Скучать — значит не включаться в ситуацию. И тут драматург Дмитрий Данилов попадает в главную коллизию современного театра. Удачно подвернувшийся недавний пост критика Павла Руднева в Фейсбуке написан о скучающих зрителях на современном спектакле, но говорит как будто в точности о героях пьес Дмитрия Данилова: «Сидел в театре на очень тонком, деликатном, хотя и не лишенном намеренных эмоциональных перегрузок спектакле, и рядом со мной сидело много женщин за 50. Цыкали, тяжело вздыхали, всплескивали руками, сотрясались, грозно шептались, громко комментировали вслух, качали головами, взывали ко всему зрительному залу в попытках понять, честно говоря, довольно ясную сценическую картину. Думал о том, как колоссально много энергии тратится на публичную внешнюю реакцию на непонятное, в то время как лучше бы эту энергию потратить на попытку понимания. Как много буквально физической энергии, страсти, пыла тратится на сопротивление. Нужно быть здоровым, активным, позитивным и пышущим благополучием, самодостаточностью, чтобы так долго и упорно сопротивляться тому, что не нравится, но по-прежнему сидеть в кресле. Столько сил нужно отдать на ненависть».

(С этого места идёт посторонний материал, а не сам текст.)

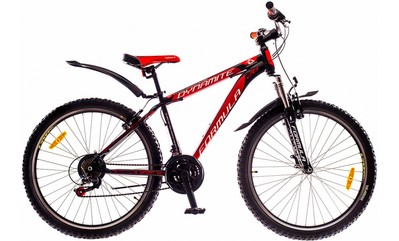 Продаем новый велосипед Formula Dynamite 2016. Велосипед 2016 года. Гарантия 12 месяцев. Купить велосипед Formula Dynamite, вы можете у нас, так как цена у нас самая низкая. На велосипед мы предоставляем сертификат качества. На Велосипеде Формула Динамит вы сможете кататься как по горной местности так и по парковым дорогам. Лучший выбор лучшая цена. Доставка в любой регион Украины, расчет при получении. Купить велосипед Formula Dynamite в рассрочку, частями или в кредит от Приват банка вы можете у нас на сайте. http://velo-delo.com.ua/formula-dynamite-26-2016.html Характеристики Велосипед Formula Dynamite 26 2016 Материал рамы Сталь Hi Ten Размер рамы 16; 19 Тип тормозов Ободные Диаметр колес 26 Вилка MOZO, амортизационная Манетки индекснные, грипшифты Тормоза V - brake, сталь Количество скоростей 21 скорость (3*7) Задний переключатель Shimano TZ-50, индексный Кассета 7-к, индексная Ручки переключения Shimano SL-RS35 Цепь ТЕС Руль Сталь, черный, sandblasted, 680мм Каретка Картридж, Neco Шатун Сталь в пластике, 24*34*42T Педали Пластик, на подшипнике Втулка передняя Спорт сталь, 14G 36H Втулка задняя Спорт сталь, 14G 36H Обод Алюминий, двойной усиленный, 14G 36Н Покрышки 26X2.35 Дополнительно Крыло пластик, подножка

Скучающий зритель жизни отделен от нее невидимой четвертой стеной, как в старинном театре. Современный театр вроде как с успехом доломал эту стену: зрителей не удивить свободной рассадкой, просьбой пройти на сцену и действием вне сцены, набрали у нас популярность и спектакли-бродилки, когда очаг действия возгорается где придется, зрители носятся по театру в погоне за событиями, толпятся в узких служебных проходах или перемещаются в специально арендованное для спектакля не театральное помещение, а то и на улицу выйдут. Но не этот слом важен. Разделение в современном театре идет не по месту рассадки — а по способу восприятия. Интерактивная бродилка может остаться коммерческим зрелищем — и зритель, меняя локации, мысленно мнет зад о бархатное сиденье скуки. Серьезный театр сегодня не зрелище. Его не смотрят — в нем включаются. Это театр, меняющий сам способ смотреть, сдвигающий восприятие реальности. Это провокация на активное слушание, смотрение, переживание — это бунт против скуки.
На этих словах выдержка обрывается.